__Exercise__. Only the text of the records belongs in the answer, copied exactly, with every picture omitted.

__Records provided__.
● ● ● ● ● ● ●
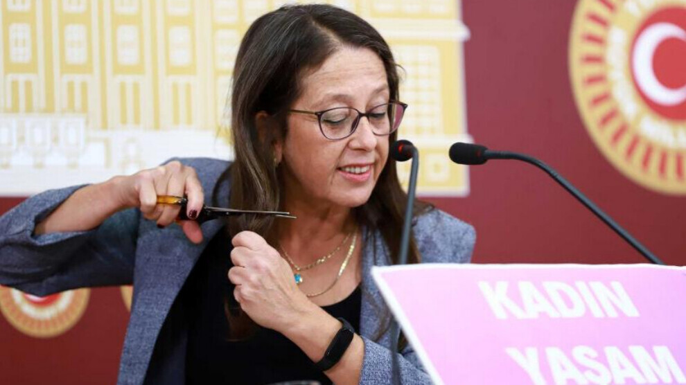 اویا ارسوی نماینده‌ی حزب دموکراتیک خلق‌ها (HDP)، در یک کنفرانس مطبوعاتی در پارلمان ترکیە، برای ژینا امینی و دیگر زنان کشته شده در قیام خلق‌های ایران موهای خود را کوتاه کرد.
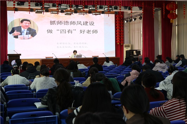 孔書記從師德師風(fēng)解讀、教師職業(yè)道德內(nèi)容、加強師德師風(fēng)建設(shè)以、當(dāng)前師德師風(fēng)存在的問題與挑戰(zhàn)以及學(xué)校師德師風(fēng)建設(shè)情況等幾個方面分別進(jìn)行了闡述。
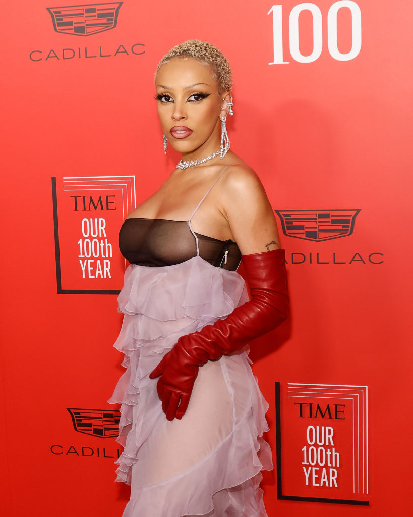 Seen on the scene was Doja Cat who was celebrated in TIME by Elvis director Baz Luhrmann. While on the carpet, she rocked a Valentino dress and accessorized with red leather gloves and diamonds.
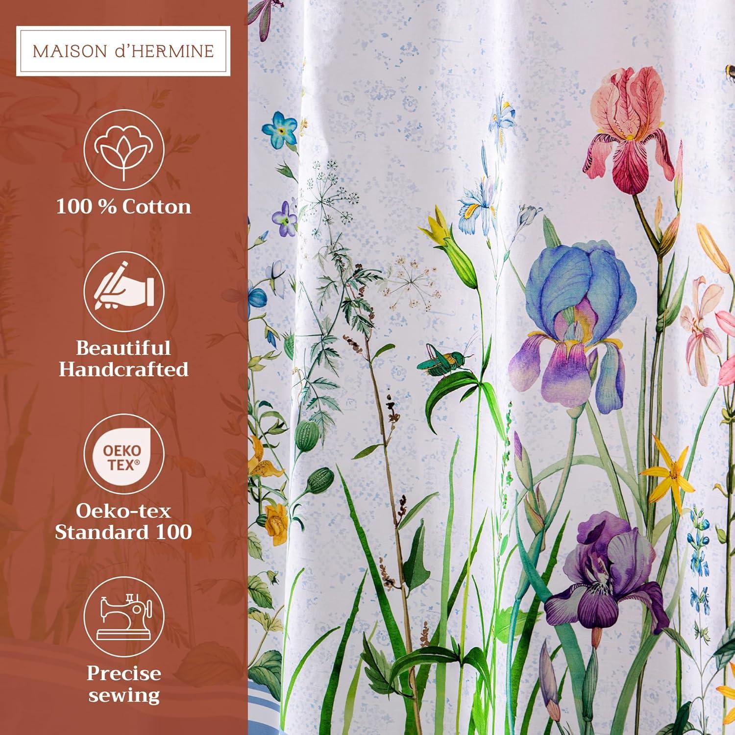 Maison d’ Hermine Shower Curtain 100% Cotton One Panel 70″x72″ Washable Fabric Shower Curtains for Bathroom, Easy Hanging with 12 Button Holes – Home, Farmhouse, Hotel, Spa (Luxury Loft – Peach)(07 – Meadow Florals)
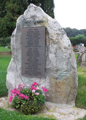 Auf dem Friedhof Steinfindling mit Gedenkplatte
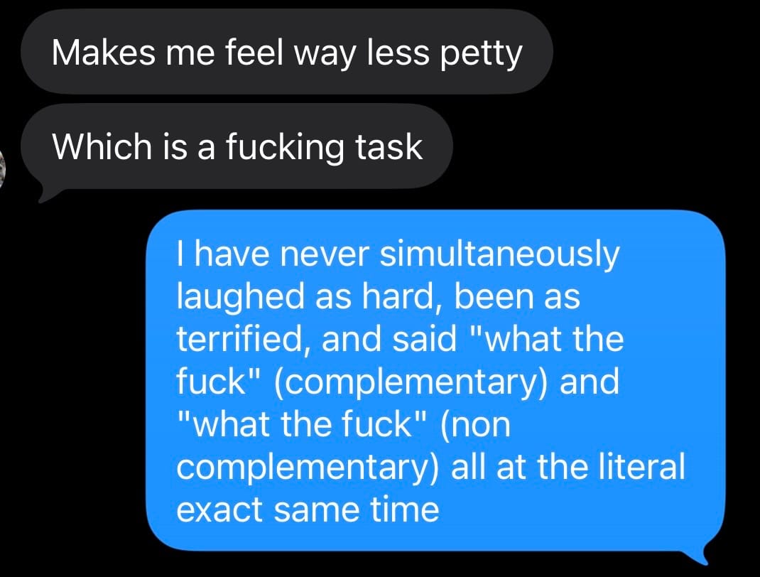 Also, started the first few episodes of the HBO show Neighbors and wow, that has been a wild ride. Curious if anyone else is watching yet besides my group chat which had the below to say.
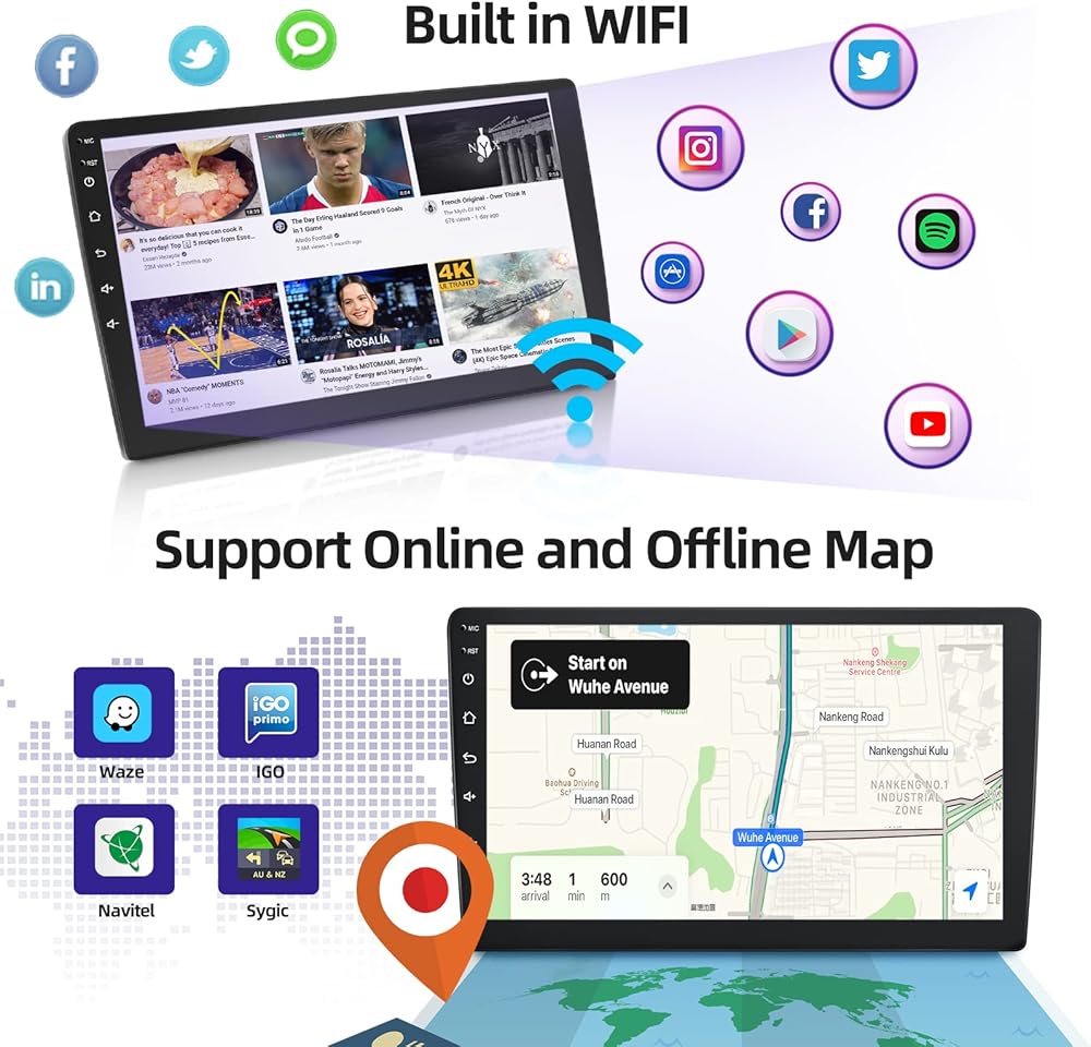 【صوت هاي فاي وكاميرا احتياطية AHD】تتميز وحدة رأس Android بصوت هاي فاي (دقة عالية (غالبًا ما يتم تقصيرها إلى هاي فاي أو هاي فاي) هي إعادة إنتاج الصوت عالي الجودة)، استمتع بالصوت في السيارة، كما تدعم أيضًا مضخم صوت. مجهزة بكاميرا عكسية فائقة الوضوح مقاومة للماء AHD للرؤية الليلية، ستعرض الصورة العكسية تلقائيًا بمجرد أن تكون السيارة في ترس عكسي.
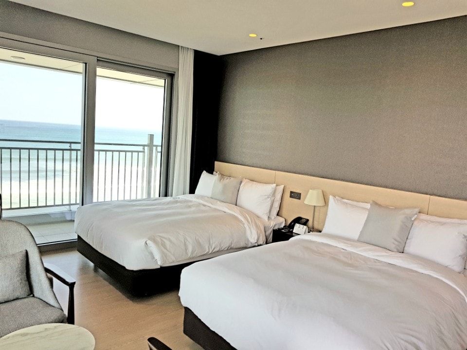 Habitación doble superior en el décimo piso del Gangneung Saint John's Hotel con vista a la montaña
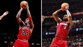 詹姆斯:乔丹喜欢左肩后仰跳投而我相反;我们通过练习让投篮无法防守
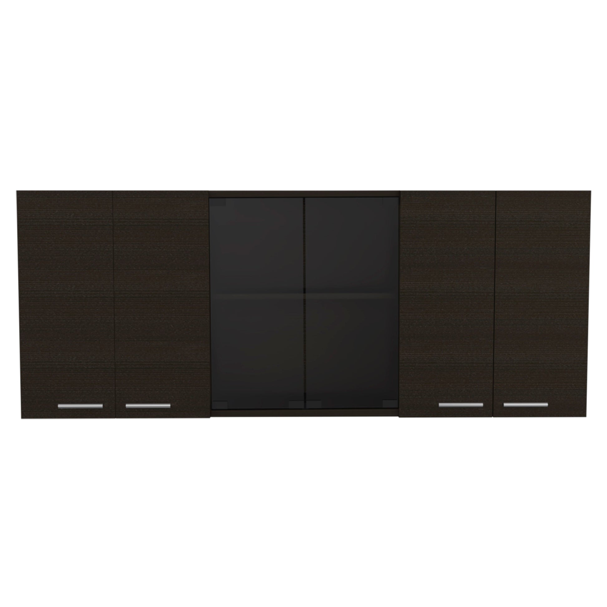 Yuma 150" Wall Cabinet, Two Close Cabinets, Two Open Shelves Black Espresso Kitchen Industrial,Modern Pine Pine Engineered Wood
● ● ● ● ● ● ●
__Written response__.
 اویا ارسوی نماینده‌ی حزب دموکراتیک خلق‌ها (HDP)، در یک کنفرانس مطبوعاتی در پارلمان ترکیە، برای ژینا امینی و دیگر زنان کشته شده در قیام خلق‌های ایران موهای خود را کوتاه کرد.
 孔書記從師德師風(fēng)解讀、教師職業(yè)道德內(nèi)容、加強師德師風(fēng)建設(shè)以、當(dāng)前師德師風(fēng)存在的問題與挑戰(zhàn)以及學(xué)校師德師風(fēng)建設(shè)情況等幾個方面分別進(jìn)行了闡述。
 Seen on the scene was Doja Cat who was celebrated in TIME by Elvis director Baz Luhrmann. While on the carpet, she rocked a Valentino dress and accessorized with red leather gloves and diamonds.
 Maison d’ Hermine Shower Curtain 100% Cotton One Panel 70″x72″ Washable Fabric Shower Curtains for Bathroom, Easy Hanging with 12 Button Holes – Home, Farmhouse, Hotel, Spa (Luxury Loft – Peach)(07 – Meadow Florals)
 Auf dem Friedhof Steinfindling mit Gedenkplatte
 Also, started the first few episodes of the HBO show Neighbors and wow, that has been a wild ride. Curious if anyone else is watching yet besides my group chat which had the below to say.
 【صوت هاي فاي وكاميرا احتياطية AHD】تتميز وحدة رأس Android بصوت هاي فاي (دقة عالية (غالبًا ما يتم تقصيرها إلى هاي فاي أو هاي فاي) هي إعادة إنتاج الصوت عالي الجودة)، استمتع بالصوت في السيارة، كما تدعم أيضًا مضخم صوت. مجهزة بكاميرا عكسية فائقة الوضوح مقاومة للماء AHD للرؤية الليلية، ستعرض الصورة العكسية تلقائيًا بمجرد أن تكون السيارة في ترس عكسي.
 Habitación doble superior en el décimo piso del Gangneung Saint John's Hotel con vista a la montaña
 詹姆斯:乔丹喜欢左肩后仰跳投而我相反;我们通过练习让投篮无法防守
 Yuma 150" Wall Cabinet, Two Close Cabinets, Two Open Shelves Black Espresso Kitchen Industrial,Modern Pine Pine Engineered Wood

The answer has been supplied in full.